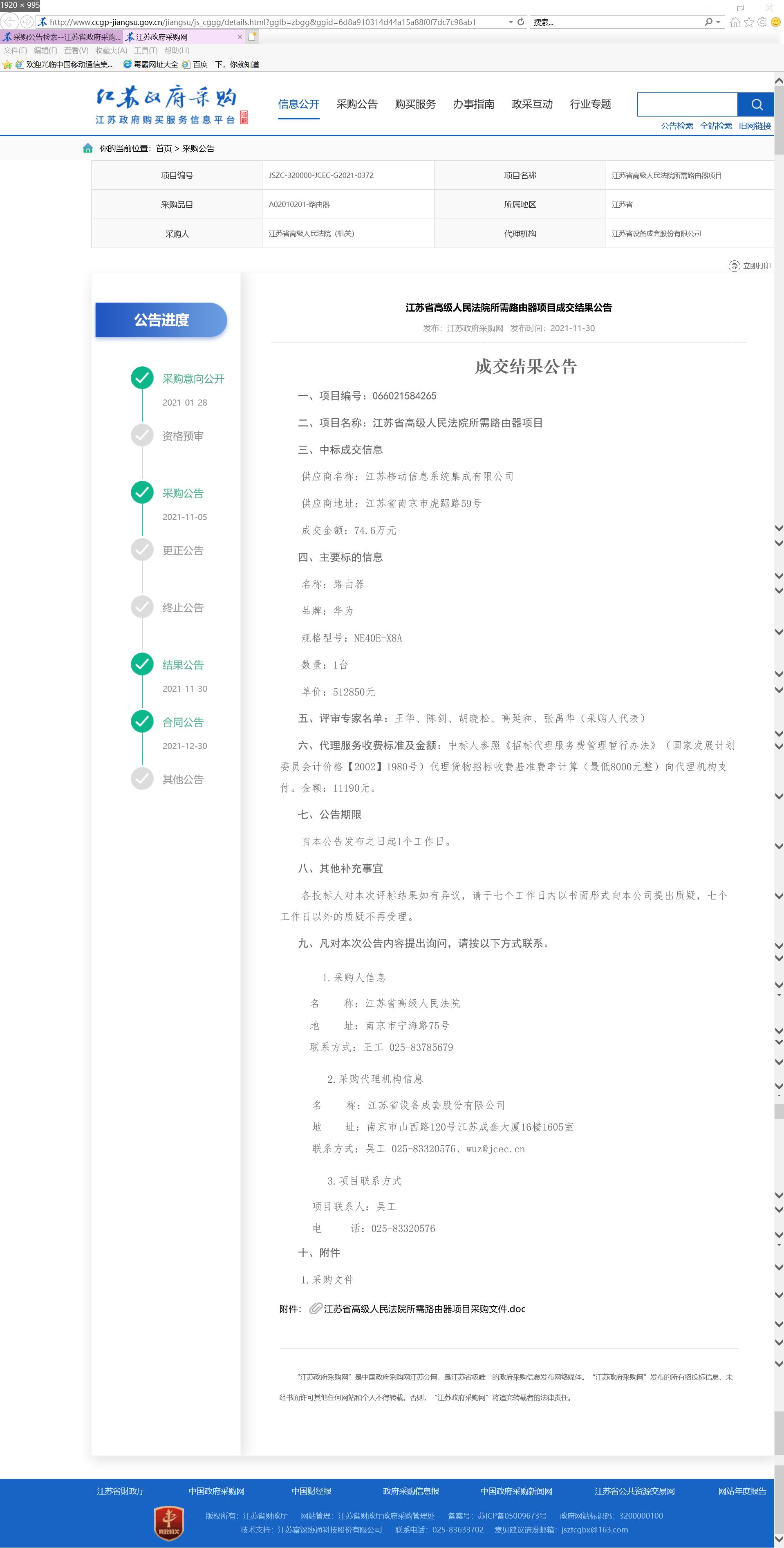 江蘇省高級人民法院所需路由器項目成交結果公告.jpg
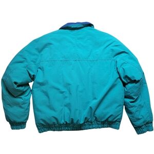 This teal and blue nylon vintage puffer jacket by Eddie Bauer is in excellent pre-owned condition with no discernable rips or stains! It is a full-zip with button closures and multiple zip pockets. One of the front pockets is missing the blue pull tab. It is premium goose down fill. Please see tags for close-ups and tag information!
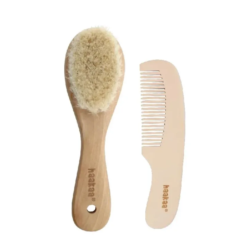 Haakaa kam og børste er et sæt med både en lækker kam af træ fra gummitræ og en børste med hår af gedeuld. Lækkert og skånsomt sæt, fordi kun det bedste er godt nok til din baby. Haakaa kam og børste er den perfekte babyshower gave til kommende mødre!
__________________________________________________
**The problem**
Everything in the material goes into the copy exactly, except the images.

**Answer section**
 江蘇省高級人民法院所需路由器項目成交結果公告.jpg
 This teal and blue nylon vintage puffer jacket by Eddie Bauer is in excellent pre-owned condition with no discernable rips or stains! It is a full-zip with button closures and multiple zip pockets. One of the front pockets is missing the blue pull tab. It is premium goose down fill. Please see tags for close-ups and tag information!
 Haakaa kam og børste er et sæt med både en lækker kam af træ fra gummitræ og en børste med hår af gedeuld. Lækkert og skånsomt sæt, fordi kun det bedste er godt nok til din baby. Haakaa kam og børste er den perfekte babyshower gave til kommende mødre!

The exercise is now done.